Fotodokumentation aus der Sowjetunion im Jahre 1970
Ulrich Schede, Jahrgang 1945, studierte an der Hochschule der Künste in Berlin bei Hans Jaenisch. Nach seinem Abschluß als Meisterschüler 1971 widmete er sich vorwiegend der wissenschaftlichen Grafik in der Medizin und Archäologie. Das Haus am Lützowplatz zeigt von ihm in der Ausstellung „Klar, dass nicht alles bleibt, wie es war“ eine Auswahl von 80 Aufnahmen aus über 700 schwarz-weiß Fotografien, die im Rahmen einer Studienfahrt nach Moskau und Leningrad 1970 entstanden sind. Die Reise wurde von der Hochschule der Künste in Berlin organisiert und sollte eine Gruppe von Studenten mit dem Leben in der Sowjetunion anhand des Besuchs zweier Städte vertraut machen.
In dem Wechselspiel zwischen analytischer Herangehensweise und persönlichem Blickwinkel sind bei dieser Reise Fotografien entstanden, die das sowjetische Alltagsleben der 70er Jahre auf entwaffnend einfache Art in Bildern zeigen.
Weder verklären noch verurteilen diese Fotos die Vergangenheit. Sie halten statt dessen die Resultate einen Bildungsreise in eine fremde Welt fest, bei der die Reisegruppe diese wie auch sich gegenseitig besser kennen zu lernen versuchte. Das Spektrum der Fotografien reicht von den Menschenschlangen vor dem Lenin-Mausoleum bis zu halben Violinen, die man für 25 DM erstehen konnte, von einem leuchtendroten Transparent zu Lenins hundertstem Geburtstag bis zu Russen am Strand der Newa beim ersten Sonnenbad im Frühling, vom Fallschirmspringen im Gorkipark in Moskau bis zu den noch verkehrsarmen Strassen Moskaus und Leningrads, von ironischen Posen einzelner Russen vor der Kamera bis zu Blödeleien der Reisegruppe, die Distanz und Rückbesinnung auf sich selbst ermöglichten.
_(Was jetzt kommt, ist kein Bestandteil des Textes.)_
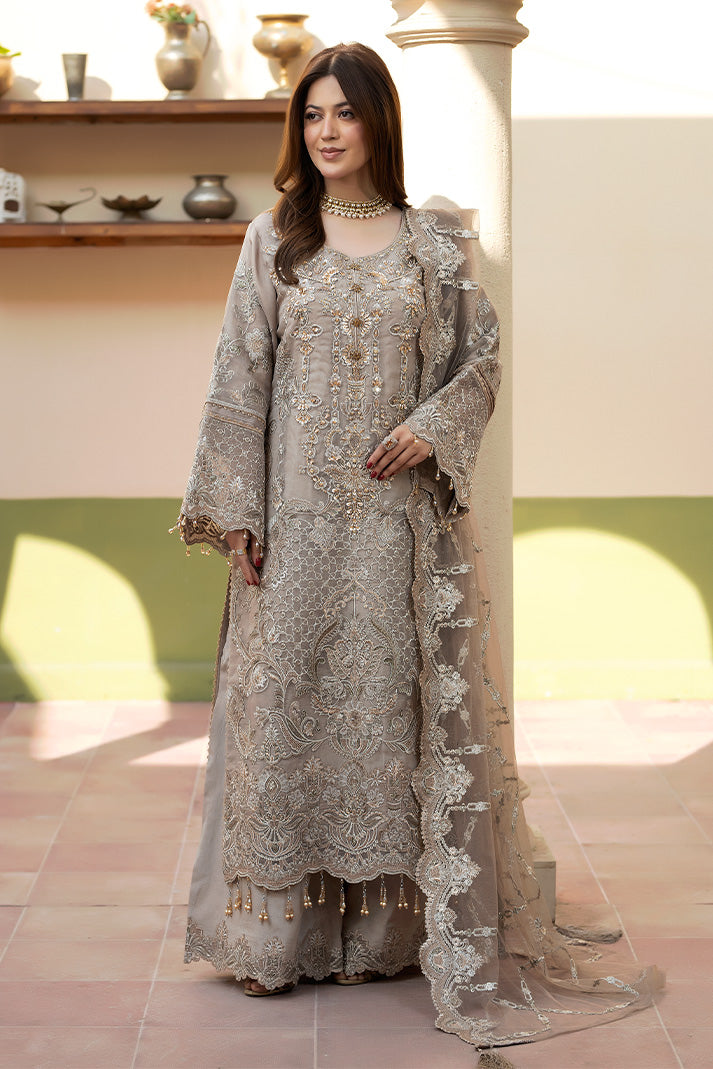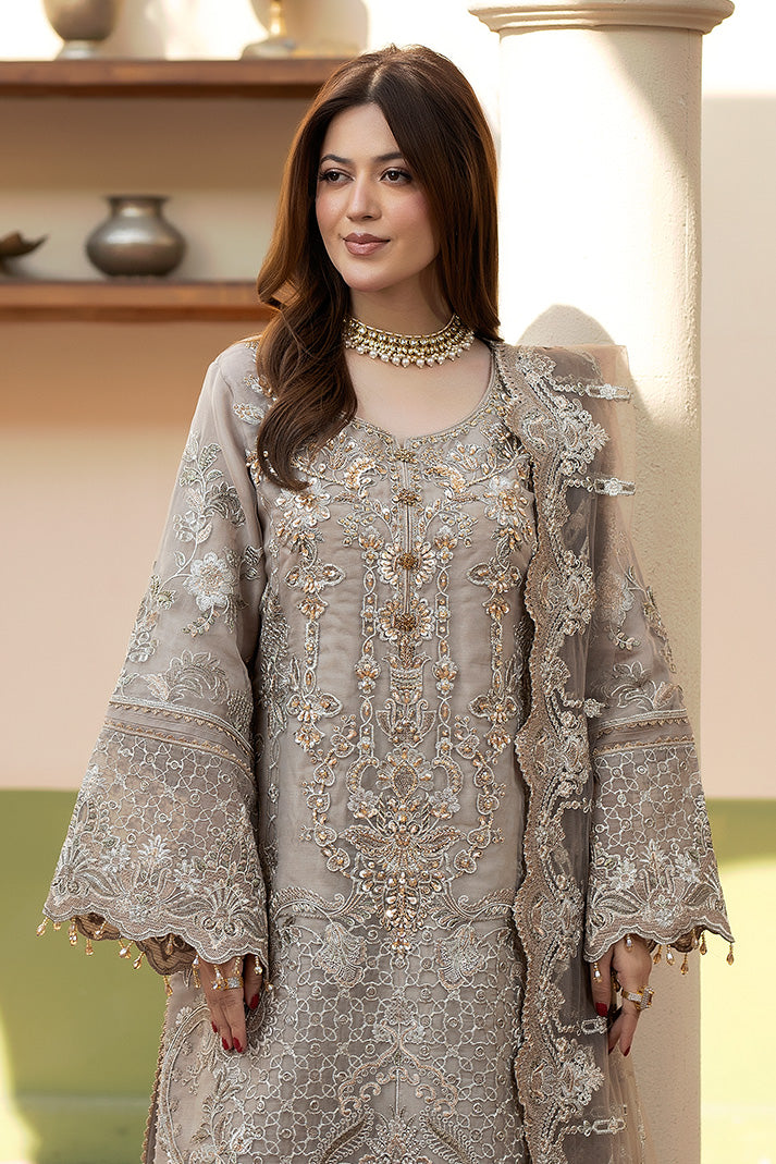 An embroidered organza shirt with graceful handmade embellishments forms the focal point of this ensemble. The embroidered net dupatta adds depth and fluidity, complemented by an embroidered raw silk trouser that completes the look with understated luxury.

Die fehlende Systematik bei der Auswahl der fotografierten Objekte verstärkt den Eindruck, hier einen ungefilterten Spiegel der Wirklichkeit vorgehalten zu bekommen. Als Führer wurde der Reisegruppe ein gut deutsch sprechender, junger Übersetzer gestellt, der aber selbst auch noch nicht mit Moskau und Leningrad wirklich vertraut war.
Die Fotos hat Ulrich Schede mit einer in Berlin 1968 gekauften russischen Leica gemacht, noch keiner Spiegelreflexkamera, sondern einer reinen Sucherkamera mit dem Gehäuse der Leica M8, die aber äußerst robust und mit einem 50 mm Objektiv ausgestattet war.
Karin Pott wird in die Ausstellung einführen.